Items listed in a dataset:

== == ==

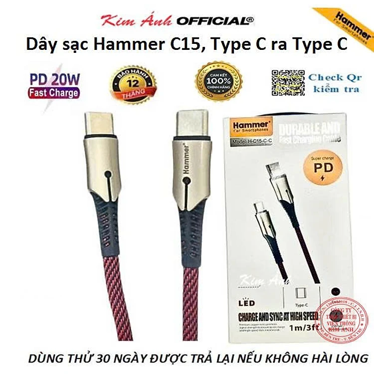 Dây sạc nhanh Ham.mer PD20W ( C15) chân cắm Type C ra Type C, dây dù chống rối, Hàng chính hãng bảo hành 1 năm
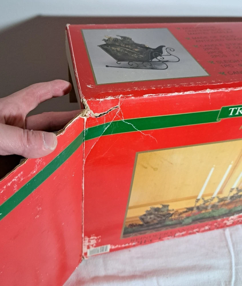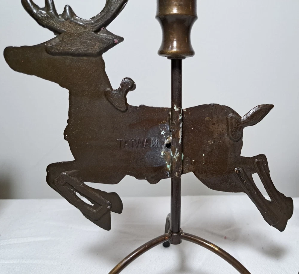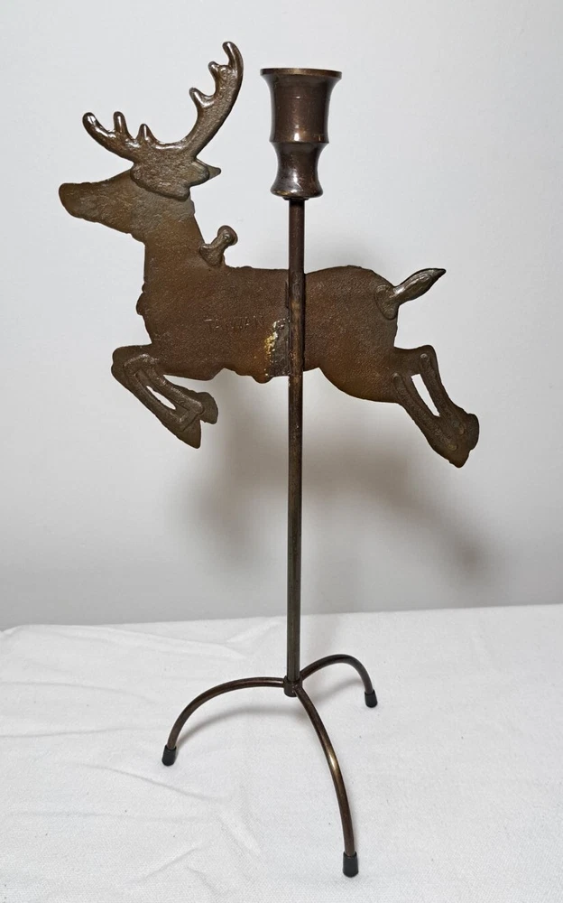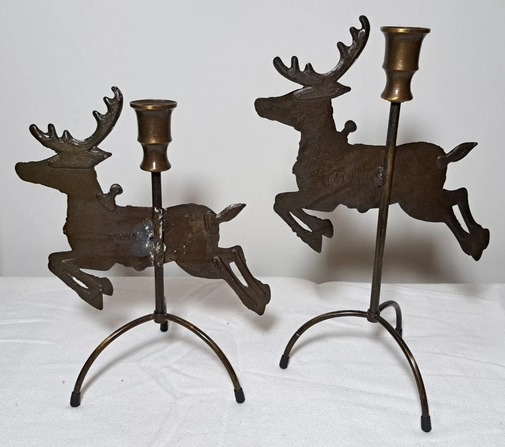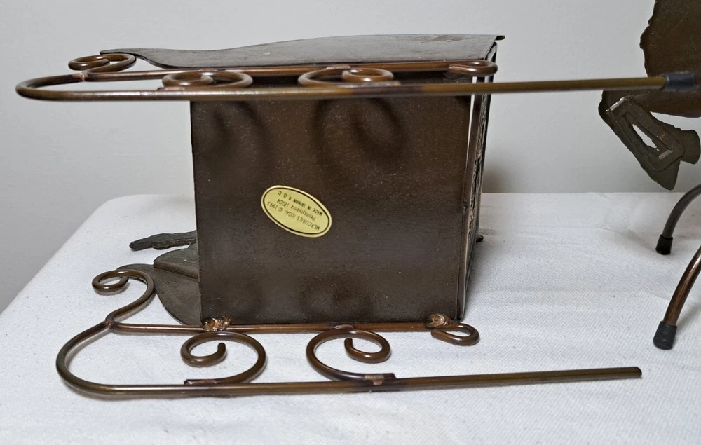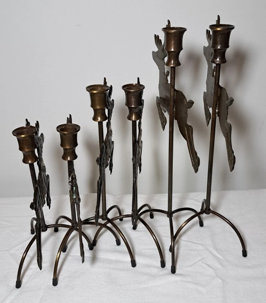 Vintage Mantel Display Christmas Solid Antiqued Brass Santa Sleigh Reindeer Candlesticks Solid Antiqued Brass It can span the length of a mantel top or shorter area it all depends on how you space the pieces out. It is gorgeous on a mantel, tabletop, etc See photos for measurements This is a large display when set up The sleigh can hold a Christmas floral decor or whatever you like It's Solid Antiqued Brass so the box is rather heavy Candles not included I consider this to be in good preowned condition One reindeer has some discoloration in the weld area on the back see last photo In the original box- the box has wear and tape on it Some small candle wax drippings are possible Shipping cost is a little higher as this is a larger box and quite heavy. Please view all photos zooming in on them as they are part of the description for you to judge condition.
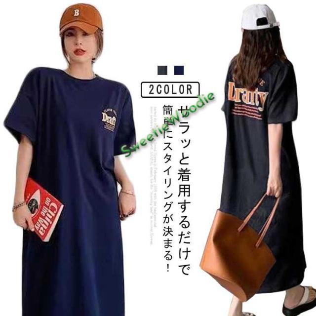 スリット入り ワンピース 体型カバー Tシャツワンピ Tシャツワンピ レディース 半袖 ゆったり ロングワンピース オーバーサイズ ルームウェア マキ
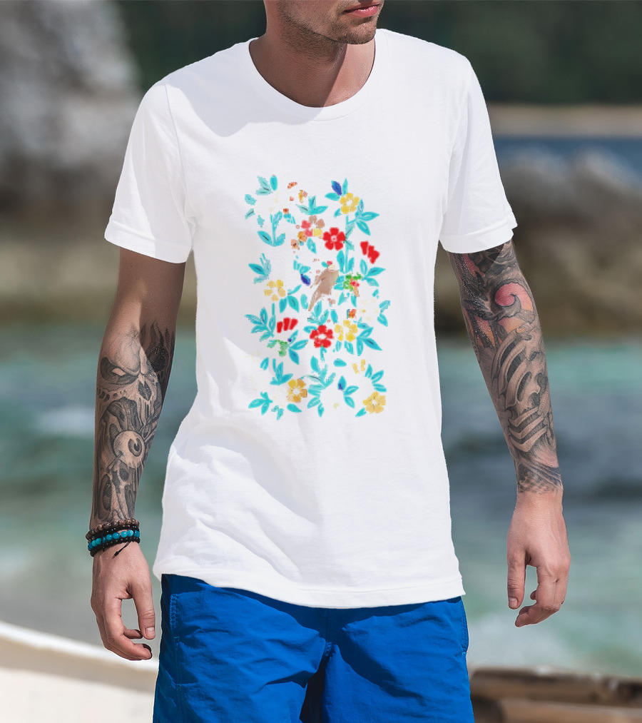 Fowl And Flower Vintage Pattern Print T-Shirt
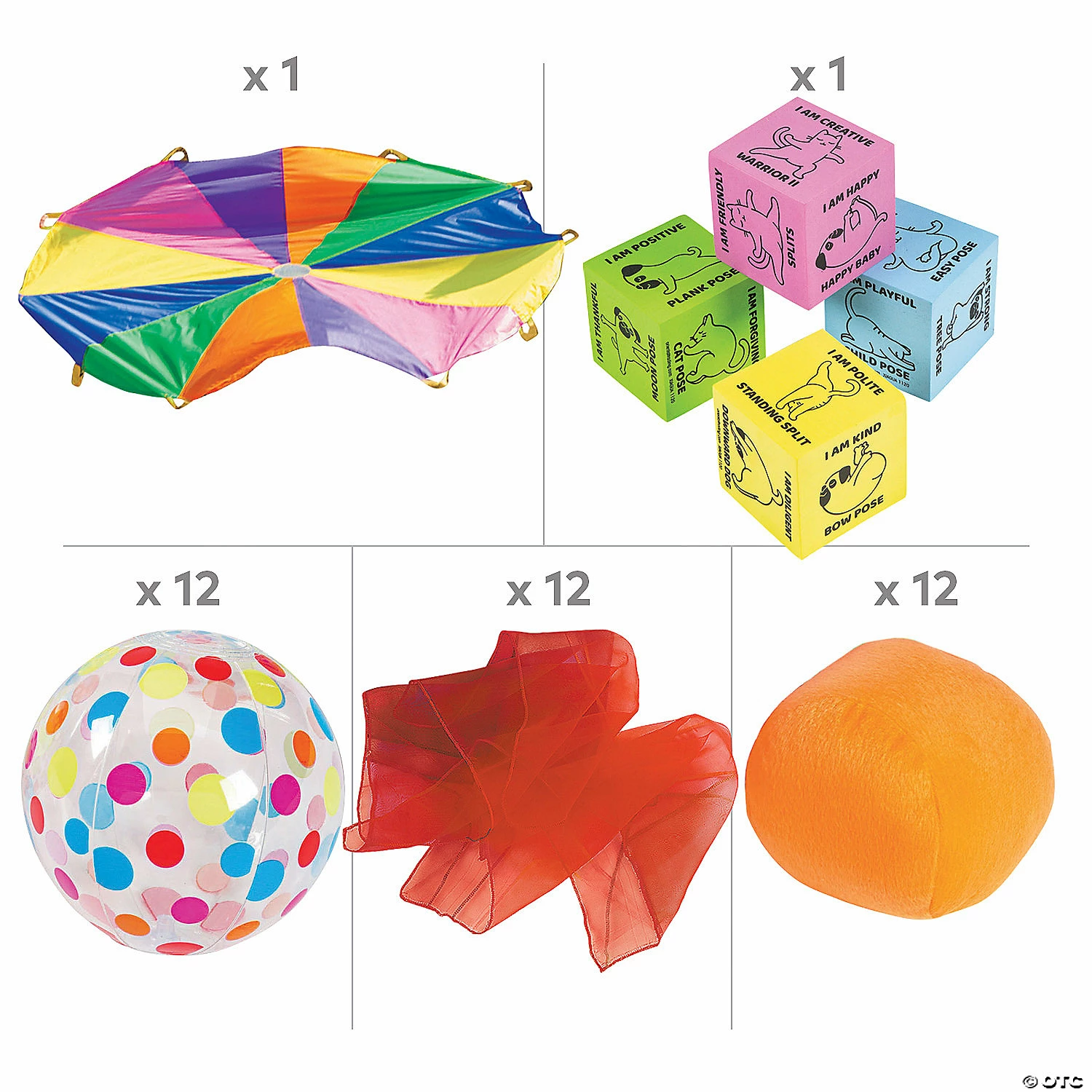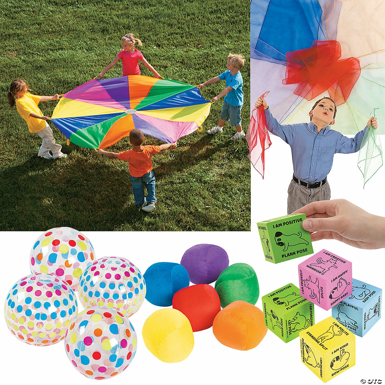 Get kids moving with this fun and colorful parachute kit. Featuring a parachute, balls, scarves and even yoga dice to get kids moving in creative ways, this kit is a great solution for indoor P.E. or active time in the classroom or at home. Parachute play requires teamwork and control β two things young kids can probably use some practice doing! (41 pcs. per unit) Assortment may vary.Includes:β’Β 1 Polyester Super Sturdy Parachute (6 ft. With nylon handles. Machine washable.)β’ 12 Nylon Easy-to-Juggle Scarves (14 1/4″)β’ 12 Vinyl Inflatable Polka Dot Mini Beach Balls (Inflated, 5″.)β’ 12 Colorful Plush Balls (4″)β’ 4 Foam Yoga Dice (2 1/2″ x 2 1/2″ x 2 1/2″)

== == ==

Exercise instructions:
Print exactly the lines between the line containing "スリット入り ワンピース 体型カバー" and the last line of the entries above, including both, and nothing besides; skip the pictures.

Finished task:
 スリット入り ワンピース 体型カバー Tシャツワンピ Tシャツワンピ レディース 半袖 ゆったり ロングワンピース オーバーサイズ ルームウェア マキ
 Fowl And Flower Vintage Pattern Print T-Shirt
 Get kids moving with this fun and colorful parachute kit. Featuring a parachute, balls, scarves and even yoga dice to get kids moving in creative ways, this kit is a great solution for indoor P.E. or active time in the classroom or at home. Parachute play requires teamwork and control β two things young kids can probably use some practice doing! (41 pcs. per unit) Assortment may vary.Includes:β’Β 1 Polyester Super Sturdy Parachute (6 ft. With nylon handles. Machine washable.)β’ 12 Nylon Easy-to-Juggle Scarves (14 1/4″)β’ 12 Vinyl Inflatable Polka Dot Mini Beach Balls (Inflated, 5″.)β’ 12 Colorful Plush Balls (4″)β’ 4 Foam Yoga Dice (2 1/2″ x 2 1/2″ x 2 1/2″)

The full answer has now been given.